Abstract
Every geneticist interested in genome evolution will have to face the analysis and comparison
of strains of plasmids and viruses. For this purpose, several plasmids resources have been
developed very recently and propose either a comprehensive manually curated bacterial plasmid
list or a plasmid database which can be interrogated using sequence similarity programs.
To our knowledge, bioinformatics tools providing geneticists with deeper plasmid analyses
such as extensive gene synteny are still missing at this time. Widely used existing prokaryotic
synteny web services are mostly geared towards cellular genomes and provide at most limited
plasmid analysis capabilities. Here we present the Natural Plasmid DataBase (WASPS)
which is developed in a plasmid-centric fashion and proposed to the researcher as a straightforward
web service. The novelty of WASPS consists in pre-calculated orthologous clusters covering all
plasmid-encoded proteins available in the database. The ‘fully connected’ clustering topology
allows the near-instantaneous generation of completely resolved synteny maps. The relevant
features of WASPS include: 1) text-based search in plasmid definitions and accession numbers;
2) protein and DNA-based similarity searches with user-provided sequences; 3) synteny mapping
using WASPS plasmids as query; 4) synteny mapping using a user-provided annotated file in Genbank
format and 5) synteny mapping using unannotated raw or Fasta DNA file. Features 3 to 5 involving
the display of gene synteny maps benefit from technologies provided by latest Web standards.

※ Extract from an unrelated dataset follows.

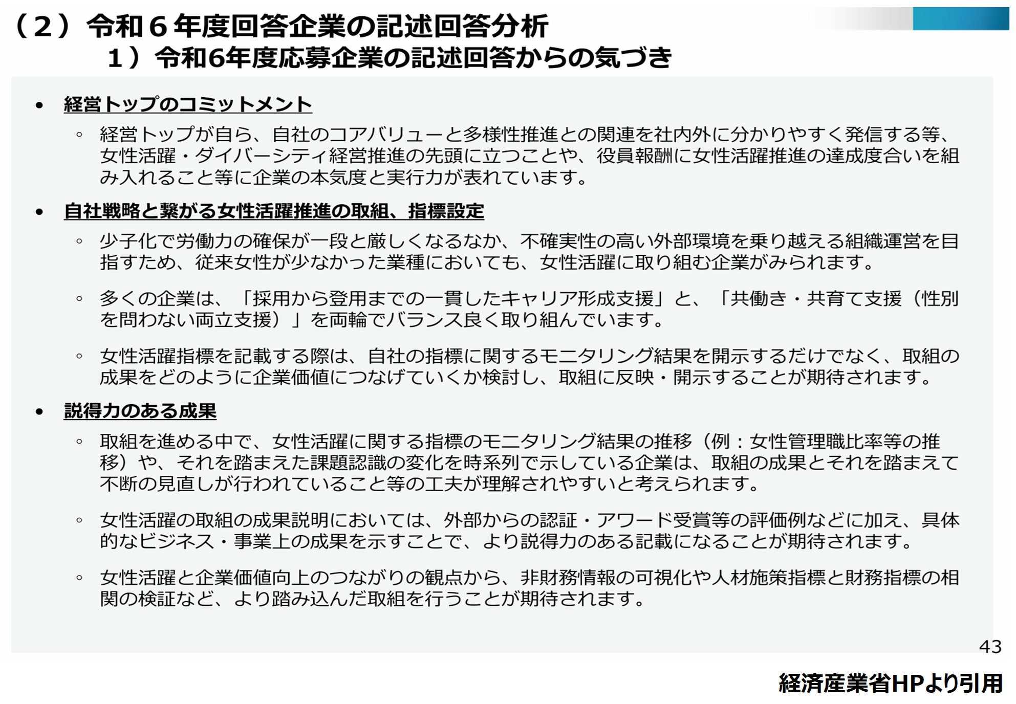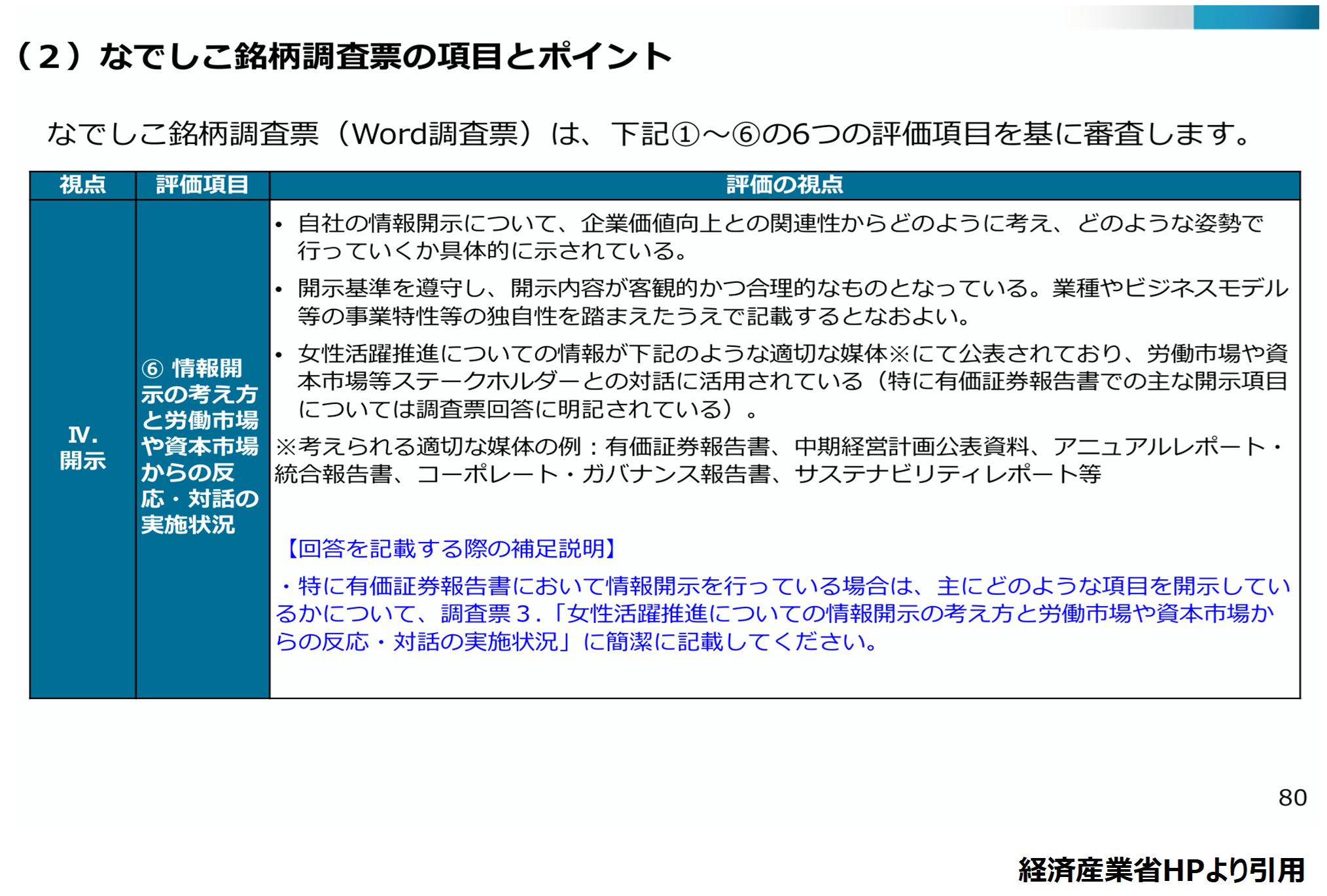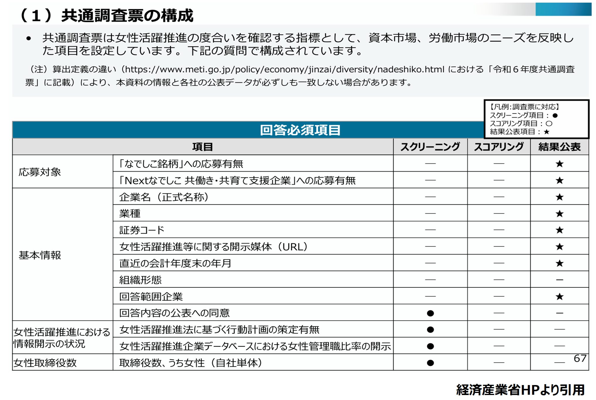 ※「なでしこ銘柄」応募企業から回収した情報に対しては、令和6年度「なでしこ銘柄」レポート内で解説が行われています。

Extensive use of the HTML5 canvas allows for a highly responsive visualization without server
recalculation. Wide genomic areas can be explored by panning and zooming directly within the
client browser. Mapping data can be exported either as .PNG bitmaps or under .SVG vectorial form.

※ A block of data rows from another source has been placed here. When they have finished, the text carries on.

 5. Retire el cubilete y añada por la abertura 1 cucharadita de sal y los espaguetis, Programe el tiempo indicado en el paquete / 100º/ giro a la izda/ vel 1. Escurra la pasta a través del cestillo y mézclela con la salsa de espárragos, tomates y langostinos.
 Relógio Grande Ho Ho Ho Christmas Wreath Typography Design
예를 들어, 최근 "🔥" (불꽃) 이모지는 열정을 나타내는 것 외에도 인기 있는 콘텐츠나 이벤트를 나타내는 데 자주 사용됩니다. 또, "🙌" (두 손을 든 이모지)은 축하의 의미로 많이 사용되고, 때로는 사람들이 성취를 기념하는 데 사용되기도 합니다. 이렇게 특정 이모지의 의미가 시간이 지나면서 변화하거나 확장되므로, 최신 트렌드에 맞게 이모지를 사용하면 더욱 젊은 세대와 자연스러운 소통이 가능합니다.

The plasmid dataset originates from the NCBI plasmid repository and is converted into a compact
database locally on our server. The database compilation is optimized and fully automated to
allow frequent updates and ensure exhaustiveness of the analyses. It comprises all natural
bacterial, archaeal and eukaryal plasmids.
General description. The WASPS Natural Plasmid Database is composed of three independent components: the WASPS Database,
the WASPS Webtool and the WASPS Updater.
- The WASPS Database is a free standing entity designed to
be accessible locally via server applications
and scripts or remotely via specifically designed web services.
- The WASPS Webtool offers public access to the WASPS Database.
Remote users can perform a variety of
queries and retrieve several levels of information relative to a particular plasmid or investigate
the evolutionary relationship between different plasmids in the database using gene synteny. Similarly, user-provided
annotated or unannotated plasmid sequences can be analyzed as well.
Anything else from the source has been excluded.